BEGIN

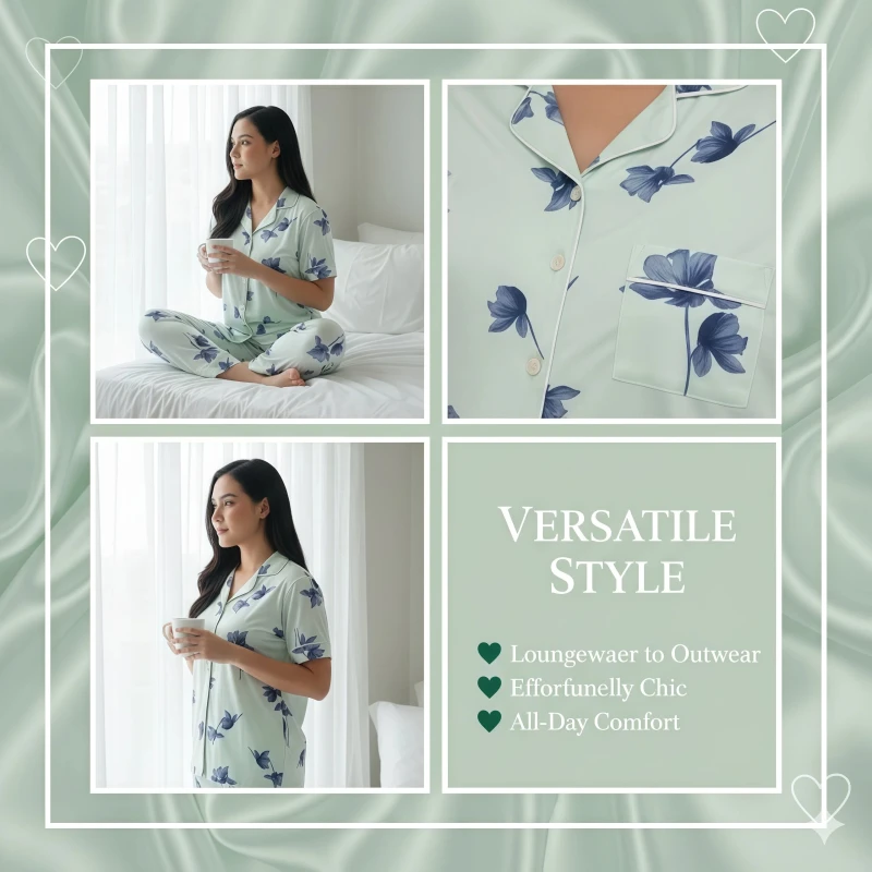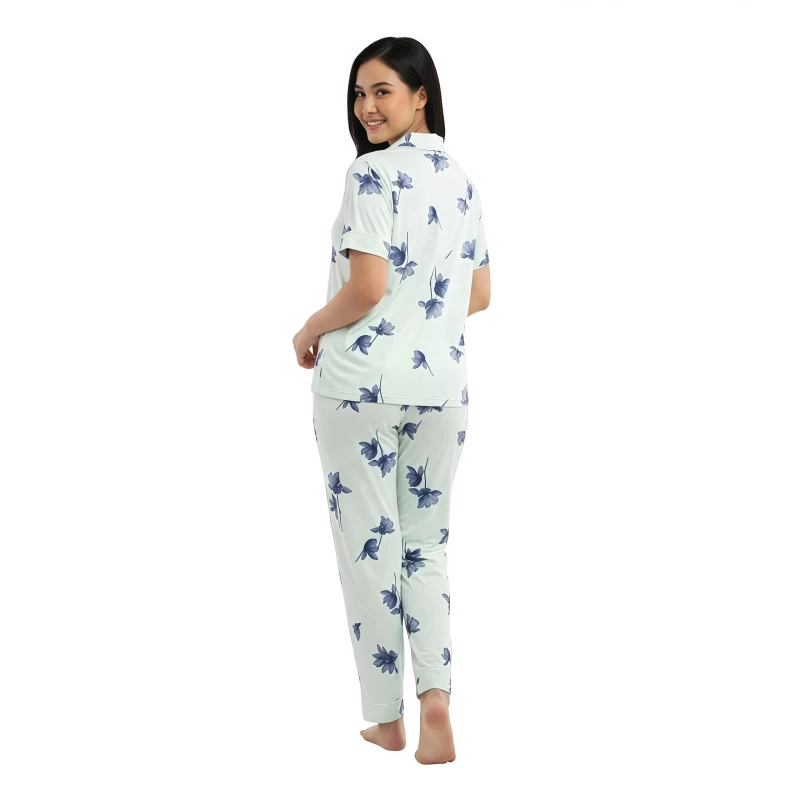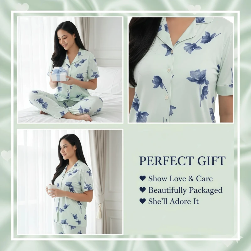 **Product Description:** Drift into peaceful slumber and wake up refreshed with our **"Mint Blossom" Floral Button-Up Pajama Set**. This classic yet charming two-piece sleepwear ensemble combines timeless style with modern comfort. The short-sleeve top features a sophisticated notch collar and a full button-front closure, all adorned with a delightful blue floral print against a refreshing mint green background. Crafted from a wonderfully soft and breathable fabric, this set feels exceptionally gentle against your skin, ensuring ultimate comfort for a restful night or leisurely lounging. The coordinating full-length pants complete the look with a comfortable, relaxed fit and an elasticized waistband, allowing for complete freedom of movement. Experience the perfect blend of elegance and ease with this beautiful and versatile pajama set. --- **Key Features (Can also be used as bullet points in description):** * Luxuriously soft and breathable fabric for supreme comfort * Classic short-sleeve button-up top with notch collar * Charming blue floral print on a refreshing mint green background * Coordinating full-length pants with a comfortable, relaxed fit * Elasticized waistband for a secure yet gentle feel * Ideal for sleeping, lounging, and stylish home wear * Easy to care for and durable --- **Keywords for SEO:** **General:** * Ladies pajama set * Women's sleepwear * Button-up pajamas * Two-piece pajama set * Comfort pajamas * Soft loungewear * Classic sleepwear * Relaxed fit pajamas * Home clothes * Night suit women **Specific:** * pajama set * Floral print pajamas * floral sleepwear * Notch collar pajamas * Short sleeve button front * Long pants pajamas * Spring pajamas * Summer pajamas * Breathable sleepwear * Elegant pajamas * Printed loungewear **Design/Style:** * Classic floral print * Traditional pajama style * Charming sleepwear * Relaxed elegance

END
BEGIN

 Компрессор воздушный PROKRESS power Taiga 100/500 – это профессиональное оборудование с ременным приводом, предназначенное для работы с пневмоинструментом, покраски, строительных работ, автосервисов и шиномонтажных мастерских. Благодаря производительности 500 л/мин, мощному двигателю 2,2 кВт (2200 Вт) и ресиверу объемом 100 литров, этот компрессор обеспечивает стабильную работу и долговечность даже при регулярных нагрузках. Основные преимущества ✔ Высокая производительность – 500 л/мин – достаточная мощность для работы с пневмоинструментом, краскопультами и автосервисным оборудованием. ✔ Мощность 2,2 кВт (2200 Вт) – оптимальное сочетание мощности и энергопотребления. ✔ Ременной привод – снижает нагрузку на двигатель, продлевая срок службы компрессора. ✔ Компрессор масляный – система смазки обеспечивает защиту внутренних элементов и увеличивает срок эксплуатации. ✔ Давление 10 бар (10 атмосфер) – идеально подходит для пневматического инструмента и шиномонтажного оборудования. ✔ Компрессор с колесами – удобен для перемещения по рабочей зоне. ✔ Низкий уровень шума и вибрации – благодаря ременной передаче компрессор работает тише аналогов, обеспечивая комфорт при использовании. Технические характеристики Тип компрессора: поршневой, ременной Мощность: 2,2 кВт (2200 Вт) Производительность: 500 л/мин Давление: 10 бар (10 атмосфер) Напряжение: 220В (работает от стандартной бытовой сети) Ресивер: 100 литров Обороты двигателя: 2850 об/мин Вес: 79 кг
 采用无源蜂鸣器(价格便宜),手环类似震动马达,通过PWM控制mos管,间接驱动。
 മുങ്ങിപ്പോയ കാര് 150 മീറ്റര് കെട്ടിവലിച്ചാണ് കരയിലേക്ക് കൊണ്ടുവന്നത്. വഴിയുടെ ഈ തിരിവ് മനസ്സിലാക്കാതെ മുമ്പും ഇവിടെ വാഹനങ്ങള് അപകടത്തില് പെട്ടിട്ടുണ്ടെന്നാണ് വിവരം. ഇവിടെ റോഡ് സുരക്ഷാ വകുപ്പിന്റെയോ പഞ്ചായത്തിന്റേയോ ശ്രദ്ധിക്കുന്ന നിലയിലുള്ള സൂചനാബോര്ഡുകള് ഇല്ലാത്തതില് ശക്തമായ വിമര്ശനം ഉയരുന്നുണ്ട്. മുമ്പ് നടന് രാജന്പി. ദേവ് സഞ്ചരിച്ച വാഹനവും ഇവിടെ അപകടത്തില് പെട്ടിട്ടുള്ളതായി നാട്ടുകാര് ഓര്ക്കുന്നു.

END
BEGIN

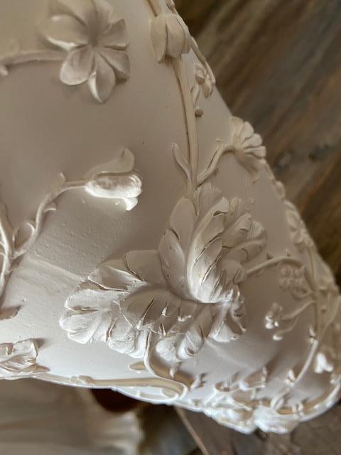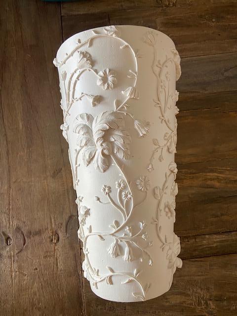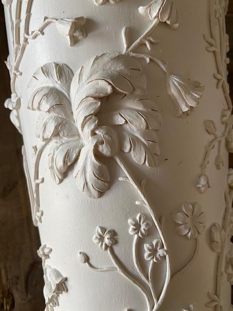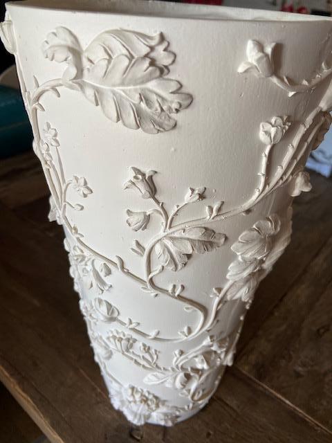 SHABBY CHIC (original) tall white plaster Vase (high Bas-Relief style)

END

*Exercise directions*
Copy only this part of the entries above: the line with "采用无源蜂鸣器(价格便宜),手环类似震动", the line with "മുങ്ങിപ്പോയ കാര് 150", and the lines between, all exactly as written.

*Solution to this task*
 采用无源蜂鸣器(价格便宜),手环类似震动马达,通过PWM控制mos管,间接驱动。
 മുങ്ങിപ്പോയ കാര് 150 മീറ്റര് കെട്ടിവലിച്ചാണ് കരയിലേക്ക് കൊണ്ടുവന്നത്. വഴിയുടെ ഈ തിരിവ് മനസ്സിലാക്കാതെ മുമ്പും ഇവിടെ വാഹനങ്ങള് അപകടത്തില് പെട്ടിട്ടുണ്ടെന്നാണ് വിവരം. ഇവിടെ റോഡ് സുരക്ഷാ വകുപ്പിന്റെയോ പഞ്ചായത്തിന്റേയോ ശ്രദ്ധിക്കുന്ന നിലയിലുള്ള സൂചനാബോര്ഡുകള് ഇല്ലാത്തതില് ശക്തമായ വിമര്ശനം ഉയരുന്നുണ്ട്. മുമ്പ് നടന് രാജന്പി. ദേവ് സഞ്ചരിച്ച വാഹനവും ഇവിടെ അപകടത്തില് പെട്ടിട്ടുള്ളതായി നാട്ടുകാര് ഓര്ക്കുന്നു.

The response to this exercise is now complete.